Вечером в бараке стоял невероятный гам. Многие лезут друг на друга, как в драке. Конечно, единственная тема — утреннее происшествие.
— В чем дело, Ганс? На проверке ты разобрал хоть что-нибудь? Чего это все так шумят? — спрашивает низенький рыжий военнопленный немец в дырявой буденовке другого — высокого, в выцветшей фуражке, на которой еще темнеет след пятиконечной звездочки.
— Разобрал, — бурчит Ганс и шмыгает носом. Думает и добавляет: — Удивительные люди эти русские. Им за пустяки дают сверхжизненные сроки, и они спокойно молчат, а предлагают ни за что ни про что свободу — они возмущаются, оскорбляются, демонстративно отказываются. Непонятно, Гейнц.
Оба медленно раздеваются и натягивают на головы драные красноармейские шинели.
— Недоделанные контрики, — орут через лежащих немцев уголовники. — От свободы отказываются, падлы! И верно: на кой им свобода?! Правильно делают начальники, когда их, гадов, калечат!
— Дурак ты, Сидоренко! — стараются перекричать шпану бытовики и часть пятьдесят восьмой. — Вышел бы на свободу и хлопотал о пересмотре дела: там легче добиться толку! Прямой расчет! Что само лезет в руки — выпускать не надо! Сглупил, брат, сглупил: щеголять высокими чувствами в лагере — глупо, начальнички этого все равно не понимают. Для них нечего стараться!
Но Сидоренко довольно ухмыляется, глаза у него сухие и блестят, на впалых щеках играет малиновый румянец.
— Ухватился?
— Ухватились!
— Вертанул?
— Вертанули!
— А почему, Антанта? Зараз тебе скажу. Слухай: я понял! Ты понимаешь? А?
— Правильно. Амнистия в переводе с греческого — непоминание, то есть заявление, что государство больше не помнит совершения человеком преступления. Нам нужна не амнистия, а честный пересмотр дела и освобождение по решению суда об отсутствии состава преступления. Вы правильно поступили, Остап Порфирьевич! Честь вам!
— То-то, Антанта. Будем ждать честного выхода. Коммунистом я можу быть и туточки, а большим та малым долынь-ским я бильше не слуга!
Из распреда каждодневно уходили в этап на Москву и дальше отдельные люди, вызываемые обычно как свидетели по чужому делу или для добавки. А я валялся на нарах в пересылочном бараке, ждал и волновался. Наконец получил разъяснение — за мной едет спецконвой. Эта новость показалась мне очень неприятной: почему такое внимание к моей особе? Значит, мне готовят какую-нибудь пакость… Настроение было, конечно, неважное, и сусловский лагпункт теперь вспоминался чуть ли не со слезами умиления, как тихая обитель. Вот тогда я и заболел воспалением легких и на несколько недель слег в больницу — болезнь трижды начиналась вновь после, казалось бы, окончательного выздоровления. Наконец холодным осенним вечером меня выписали, и, держась за стены, я дополз до пересылочного барака. А тут новая неожиданность: спецконвой не дождался и ушел обратно, нужно ждать другого. Я было обрадовался возможности отлежаться и набраться сил, но нарядчик сообщил, что принято решение направить меня в общем порядке, что я должен сдать чистенькое обмундирование первого срока, которое носил как врач, облачиться в тряпье и броситься вниз головой в бурный и опасный поток, именуемый общим этапом.
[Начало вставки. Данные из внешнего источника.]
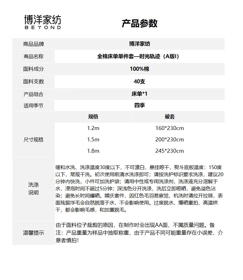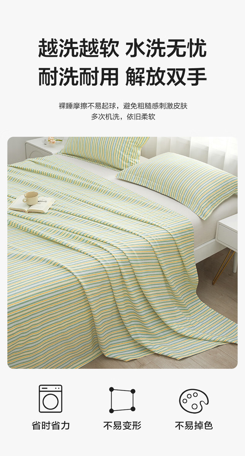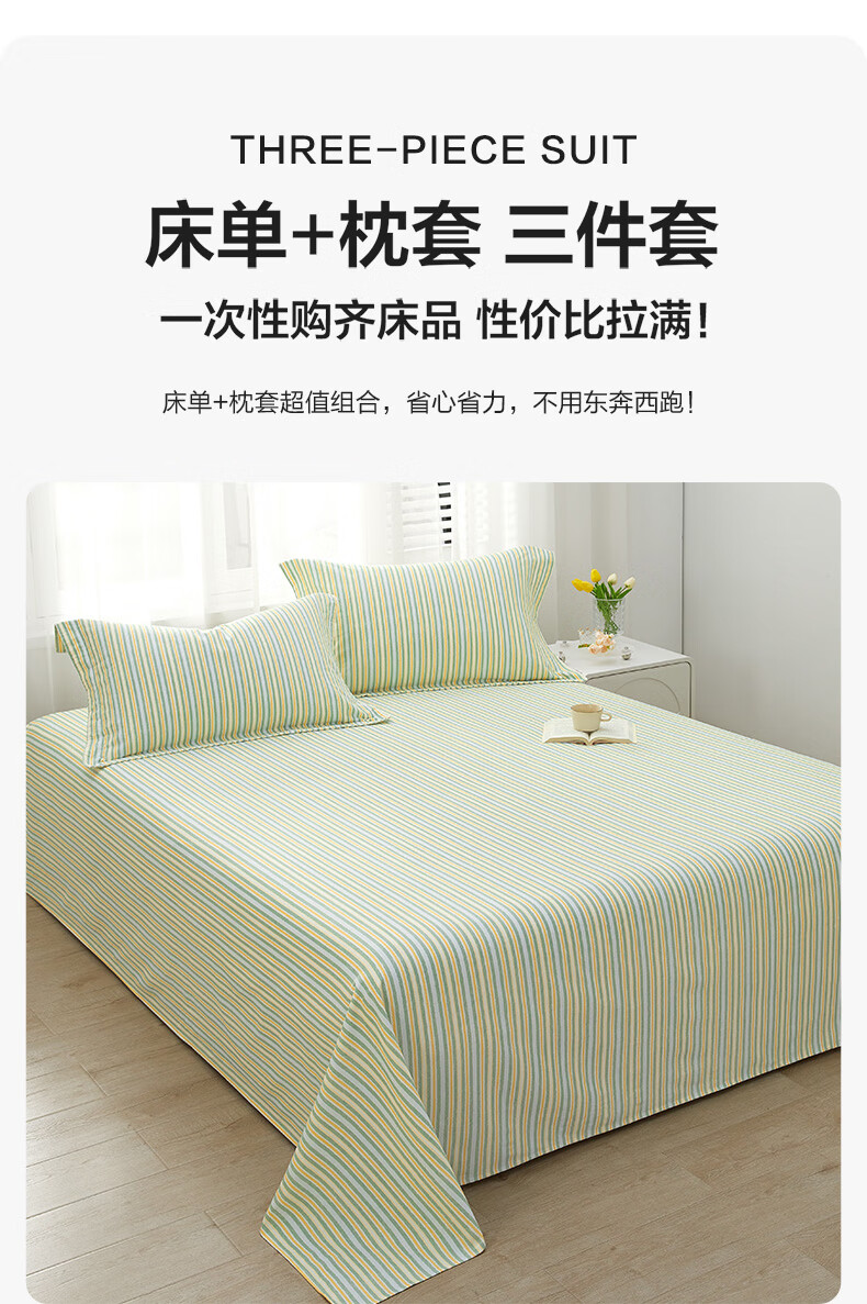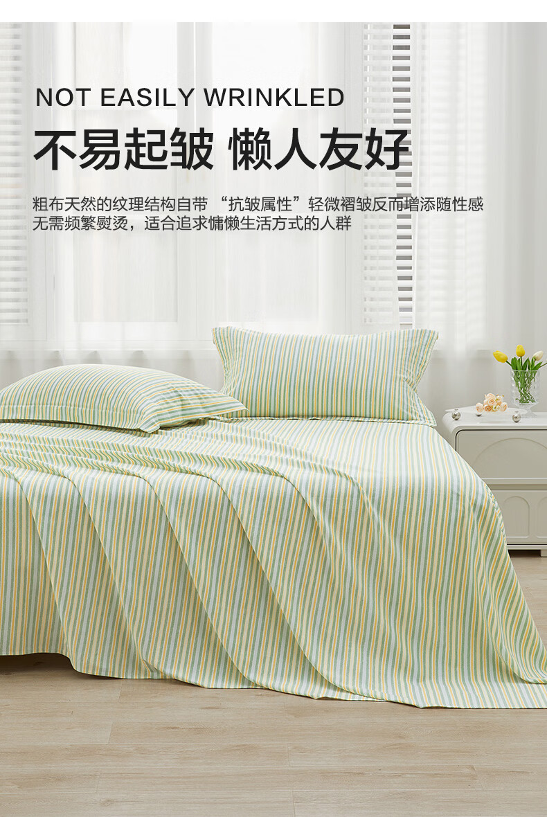 博洋(BEYOND)粗布纯棉单件全棉床单加厚2026新款枕套三件套单人四季通用 【全棉老粗布床单】时光轨迹 160*230cm
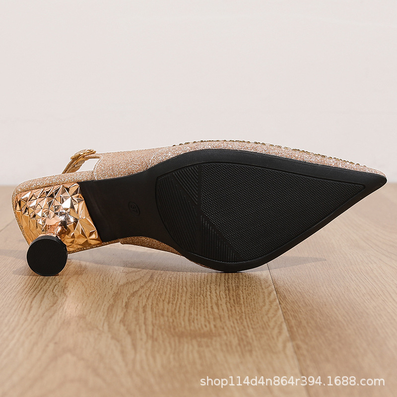 신상품 반짝이는 골드 다이아몬드 포인트 포인티드토 하이힐 여성화, 고급스러운 스틸레토 하이힐, 다용도 하이힐 샌들스토어 가기
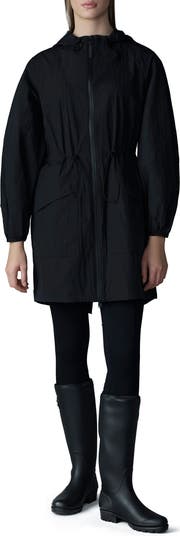 Easily packed along or packed away, this lightweight hooded raincoat made from recycled nylon also packs in a few style features, including balloon sleeves with binding at the cuffs and is totable as a shoulder bag when not in use.

— Ну, что ж — этап так этап, ничего не поделаешь, — сказал я Сидоренко, подсаживаясь вечером к нему на опрятную коечку в рабочем бараке. — Завтра утром иду в Первую часть расписываться. Значит, пора нам расставаться, Остап Порфирьевич. Давайте попрощаемся!
Конечно, Сидоренко знал, что я должен уехать, и ждал этого момента, но все же мое сообщение показалось ему неожиданным: старый рубака отвернулся, засопел, желваки на впалых щеках задвигались.
«Переживает… — подумал я. — Точь-в-точь как когда Пелагея Ивановна неожиданно заговорила об их убитом сыне».
Мы помолчали. Я думал о разговоре под лампадкой, висевшей перед Моной Лизой.